## YOUR ASSIGNMENT
Could you print the stretch of lines below from the one with "Пуловер из сетчатой" through the one with "Navy color, no", exactly as they stand and without any pictures?

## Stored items
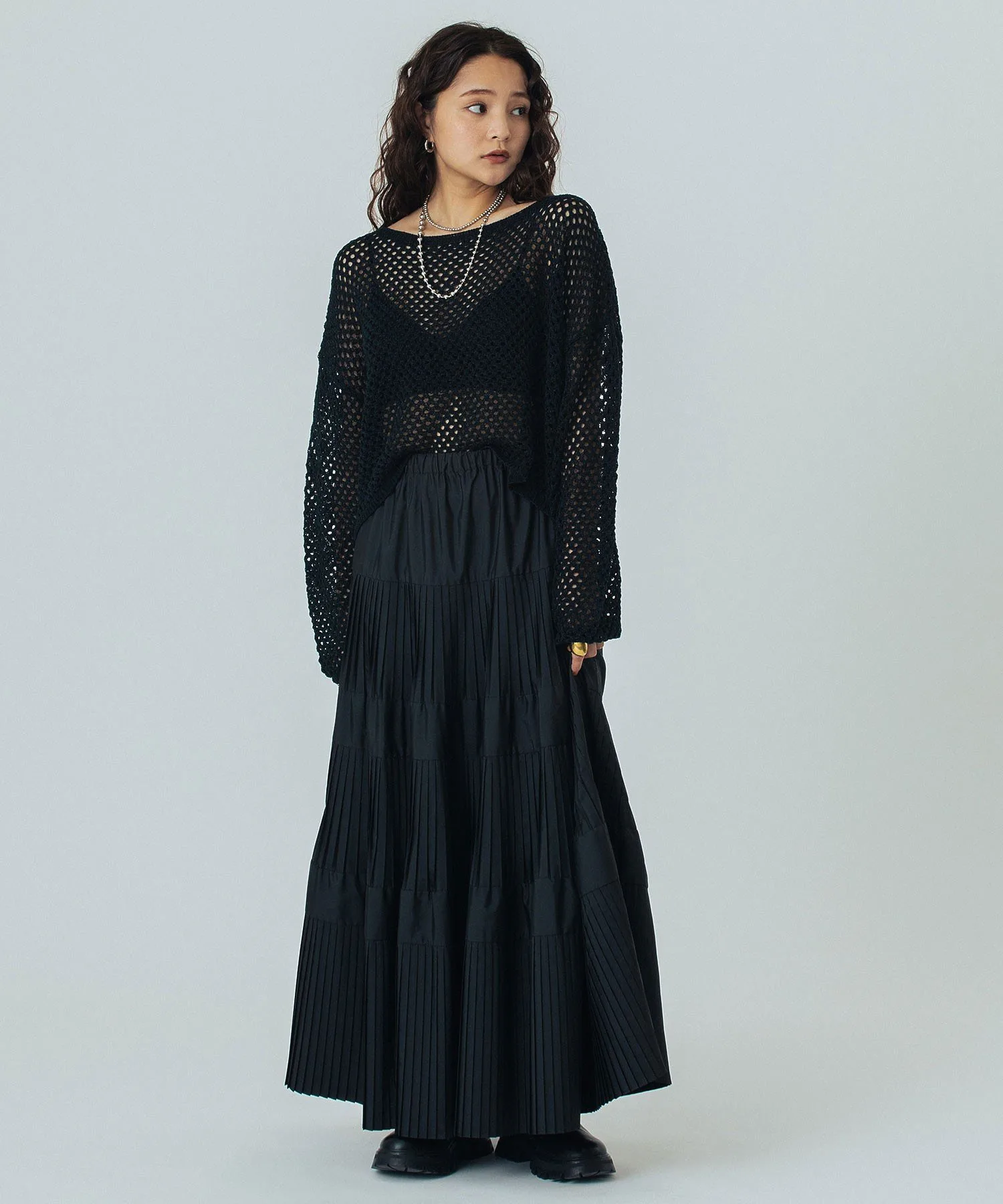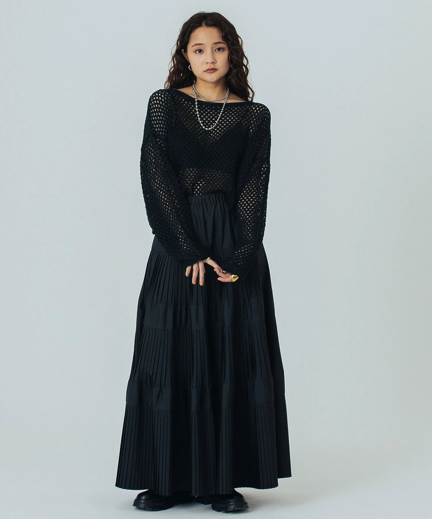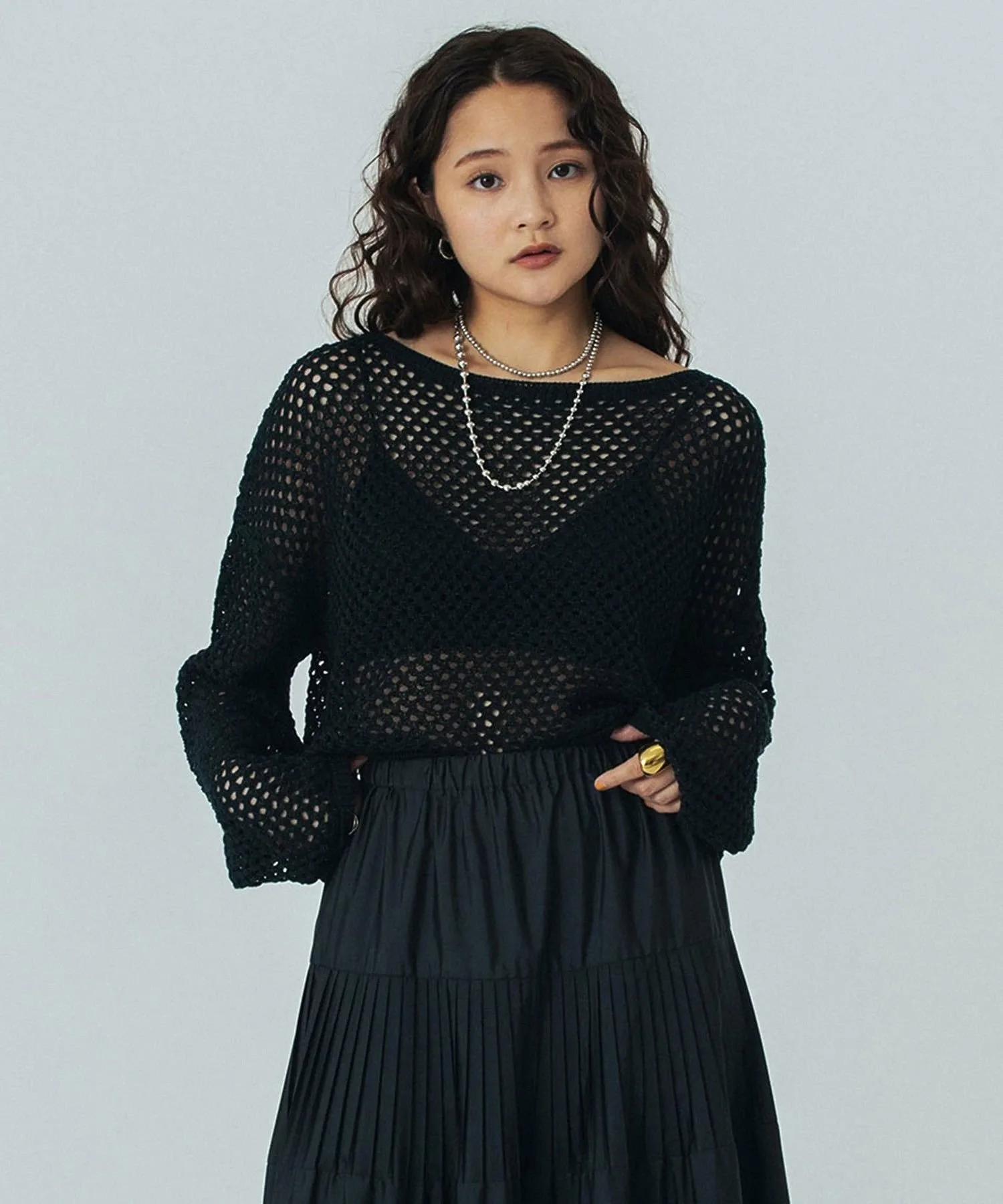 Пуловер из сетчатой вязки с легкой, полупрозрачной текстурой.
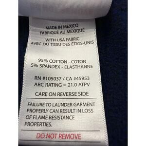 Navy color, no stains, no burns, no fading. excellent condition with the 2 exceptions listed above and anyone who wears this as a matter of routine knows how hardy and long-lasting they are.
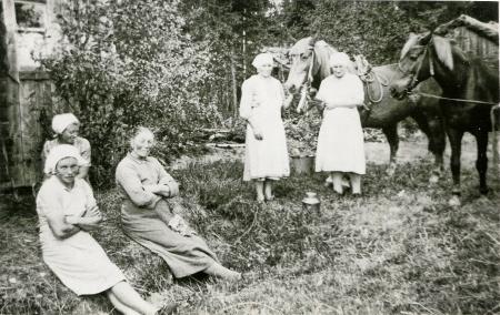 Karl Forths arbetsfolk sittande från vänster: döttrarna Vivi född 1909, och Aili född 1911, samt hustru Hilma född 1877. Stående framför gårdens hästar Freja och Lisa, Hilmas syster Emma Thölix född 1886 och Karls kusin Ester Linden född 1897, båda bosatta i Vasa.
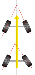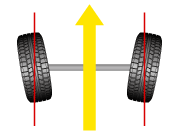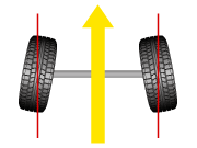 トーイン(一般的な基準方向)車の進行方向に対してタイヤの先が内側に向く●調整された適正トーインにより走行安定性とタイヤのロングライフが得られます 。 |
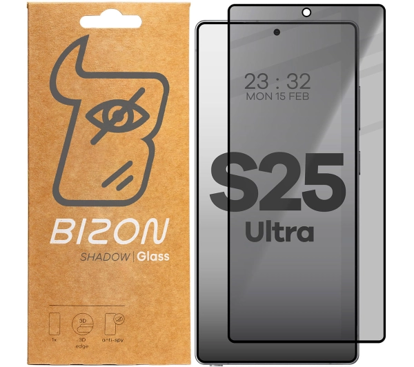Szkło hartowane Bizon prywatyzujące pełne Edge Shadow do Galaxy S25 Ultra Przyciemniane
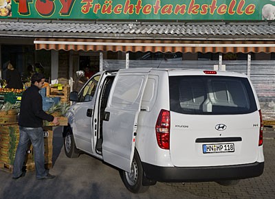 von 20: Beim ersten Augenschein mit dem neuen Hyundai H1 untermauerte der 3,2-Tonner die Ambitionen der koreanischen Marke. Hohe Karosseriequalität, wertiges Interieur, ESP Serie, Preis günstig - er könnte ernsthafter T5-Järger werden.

...

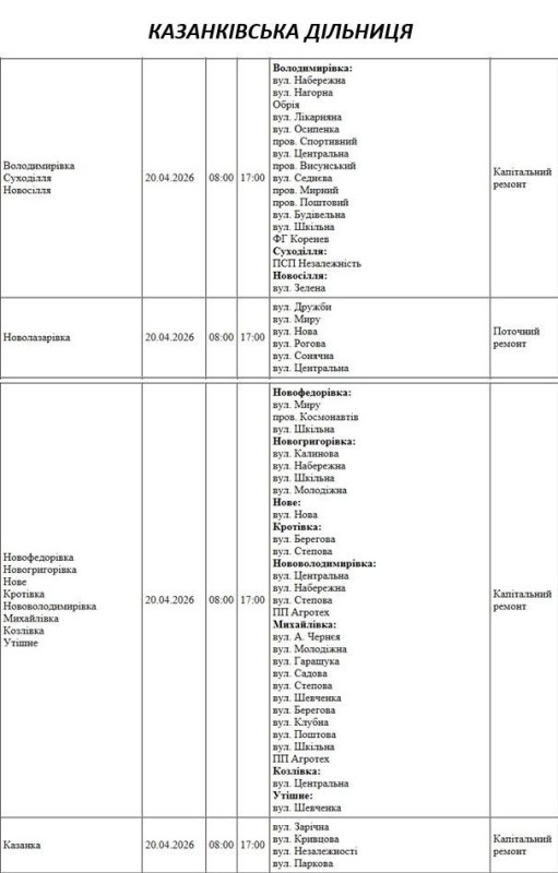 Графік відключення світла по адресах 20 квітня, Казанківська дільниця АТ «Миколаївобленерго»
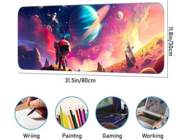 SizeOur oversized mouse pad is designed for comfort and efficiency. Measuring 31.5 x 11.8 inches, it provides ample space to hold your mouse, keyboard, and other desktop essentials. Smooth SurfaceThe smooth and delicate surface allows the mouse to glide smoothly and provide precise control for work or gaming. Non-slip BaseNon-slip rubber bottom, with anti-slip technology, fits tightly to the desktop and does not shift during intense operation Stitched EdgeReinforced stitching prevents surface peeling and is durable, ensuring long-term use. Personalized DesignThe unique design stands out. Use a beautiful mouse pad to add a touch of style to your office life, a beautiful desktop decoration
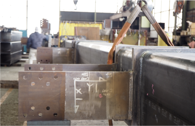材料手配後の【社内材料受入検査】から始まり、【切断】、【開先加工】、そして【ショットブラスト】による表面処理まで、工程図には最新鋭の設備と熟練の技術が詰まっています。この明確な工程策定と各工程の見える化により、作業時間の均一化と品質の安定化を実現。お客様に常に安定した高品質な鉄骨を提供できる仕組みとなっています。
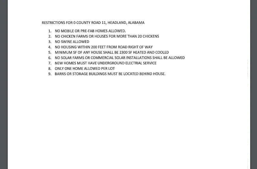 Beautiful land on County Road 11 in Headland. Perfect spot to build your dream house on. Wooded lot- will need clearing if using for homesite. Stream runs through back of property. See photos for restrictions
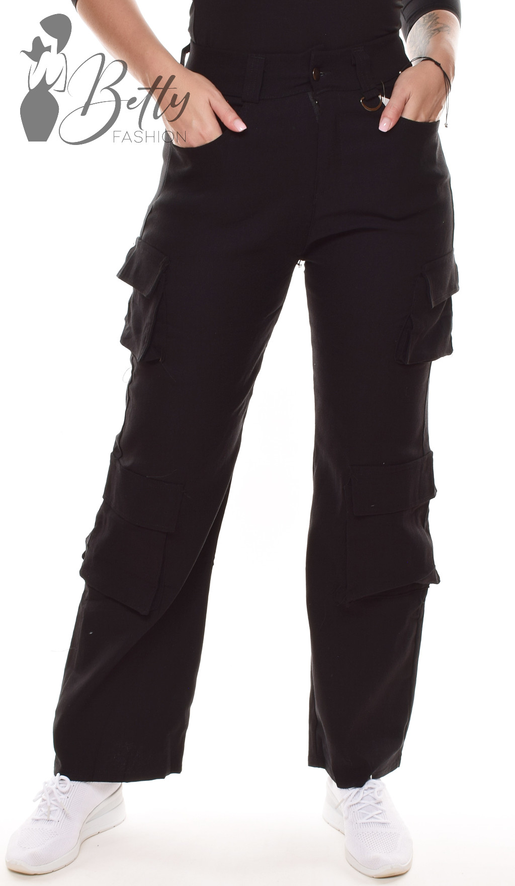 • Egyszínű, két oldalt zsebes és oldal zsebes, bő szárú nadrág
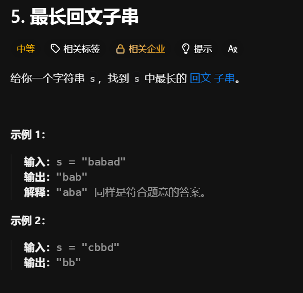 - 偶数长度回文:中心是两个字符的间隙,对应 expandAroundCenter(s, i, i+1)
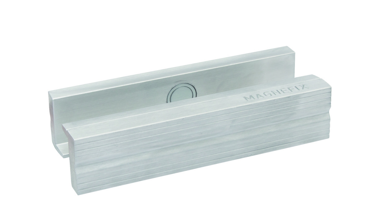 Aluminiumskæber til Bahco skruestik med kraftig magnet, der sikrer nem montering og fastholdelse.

...

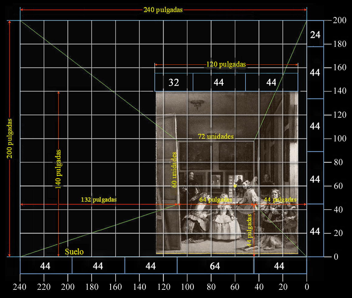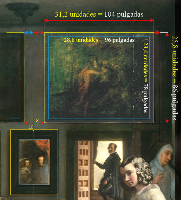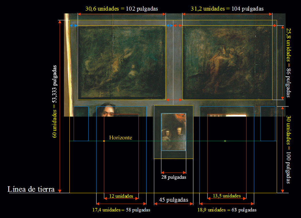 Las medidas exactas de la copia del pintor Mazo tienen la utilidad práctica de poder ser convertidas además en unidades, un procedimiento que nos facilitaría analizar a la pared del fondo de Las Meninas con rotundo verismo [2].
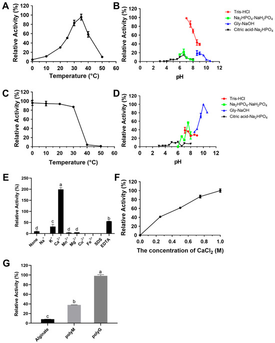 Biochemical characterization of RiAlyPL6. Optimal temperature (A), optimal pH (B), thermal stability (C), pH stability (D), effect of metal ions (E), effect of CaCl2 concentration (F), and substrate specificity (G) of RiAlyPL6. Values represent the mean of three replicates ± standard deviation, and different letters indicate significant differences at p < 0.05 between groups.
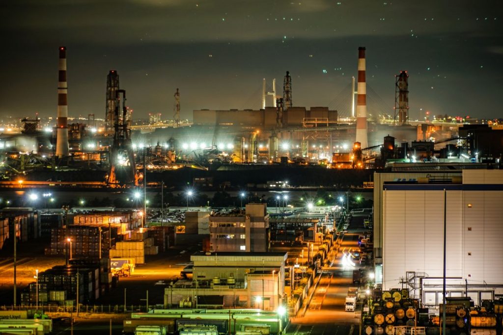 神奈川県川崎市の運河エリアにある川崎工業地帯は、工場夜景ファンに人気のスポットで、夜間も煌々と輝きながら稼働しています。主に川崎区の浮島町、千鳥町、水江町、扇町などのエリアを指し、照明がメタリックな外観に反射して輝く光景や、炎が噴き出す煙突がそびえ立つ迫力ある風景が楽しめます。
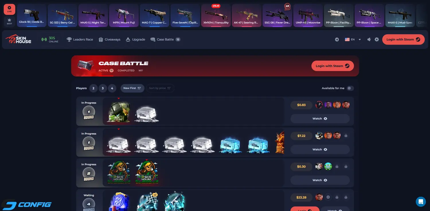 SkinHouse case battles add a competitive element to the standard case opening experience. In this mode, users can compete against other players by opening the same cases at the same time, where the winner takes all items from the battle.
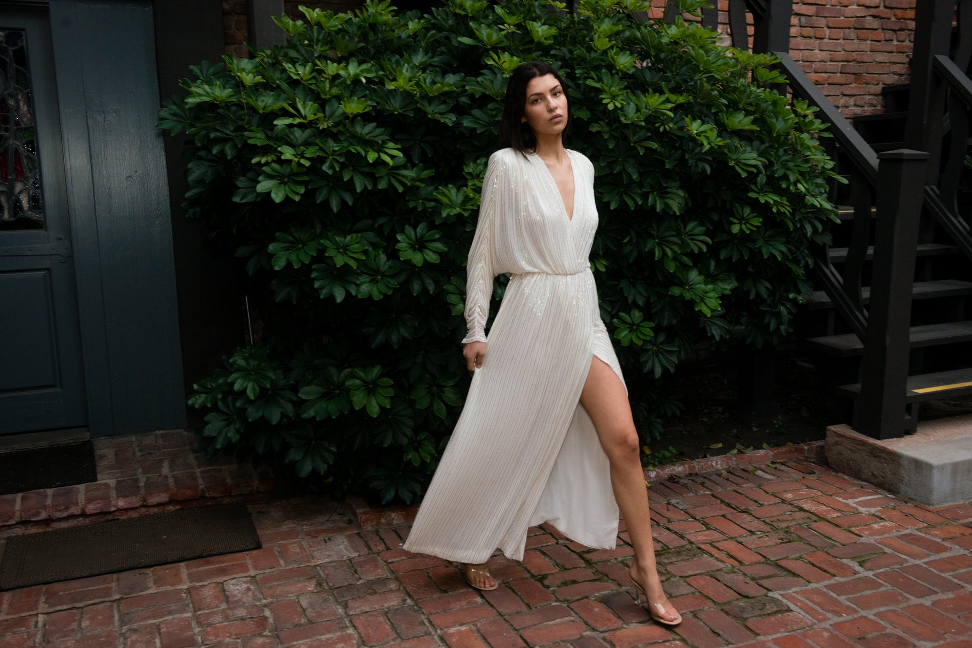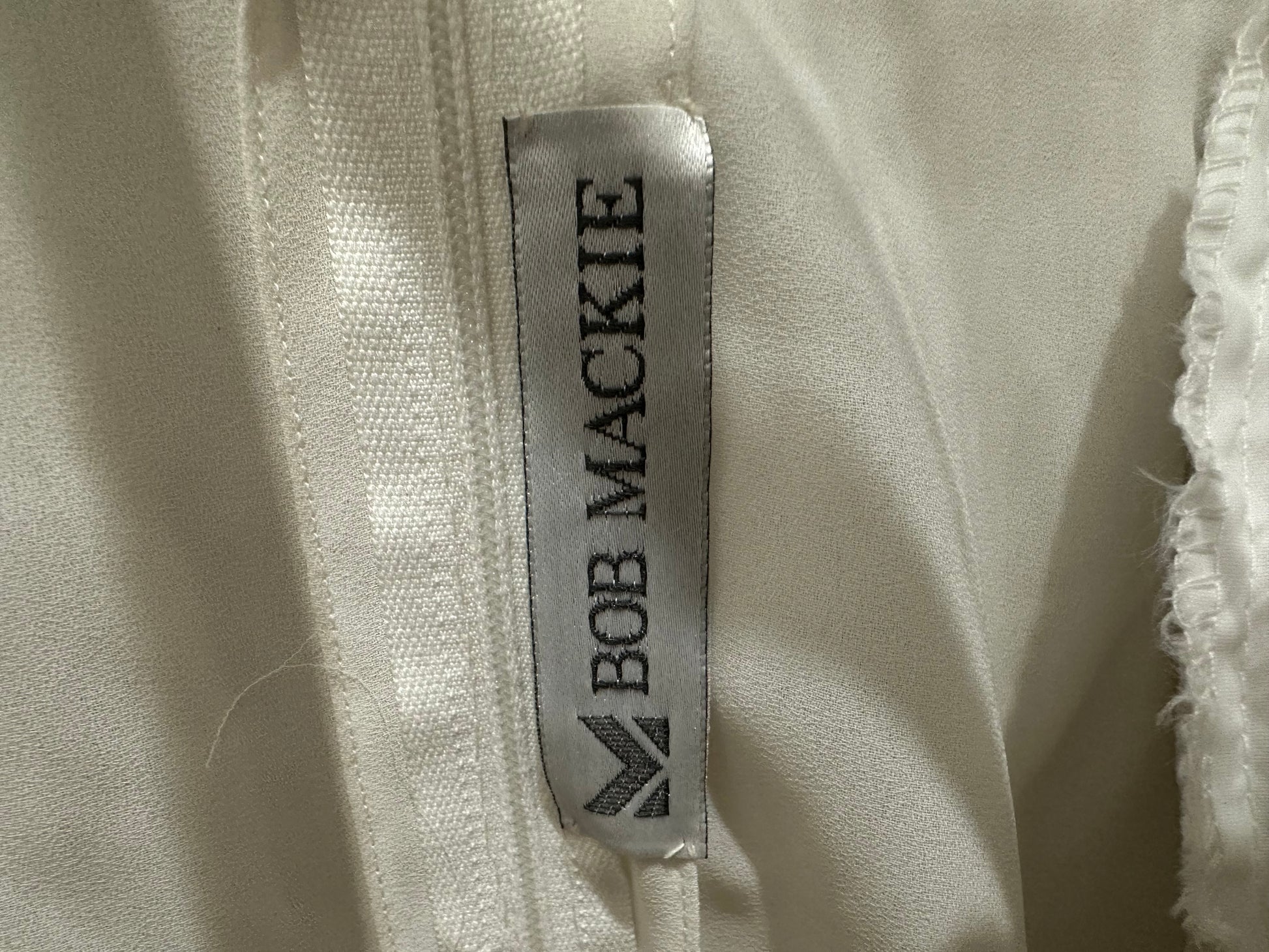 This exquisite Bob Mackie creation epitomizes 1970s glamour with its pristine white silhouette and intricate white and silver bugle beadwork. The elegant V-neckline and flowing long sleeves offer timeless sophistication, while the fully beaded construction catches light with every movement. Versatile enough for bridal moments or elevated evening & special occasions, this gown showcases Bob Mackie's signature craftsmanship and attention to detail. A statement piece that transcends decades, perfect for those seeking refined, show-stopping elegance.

## ANSWER SECTION
 Пуловер из сетчатой вязки с легкой, полупрозрачной текстурой.
 Navy color, no stains, no burns, no fading. excellent condition with the 2 exceptions listed above and anyone who wears this as a matter of routine knows how hardy and long-lasting they are.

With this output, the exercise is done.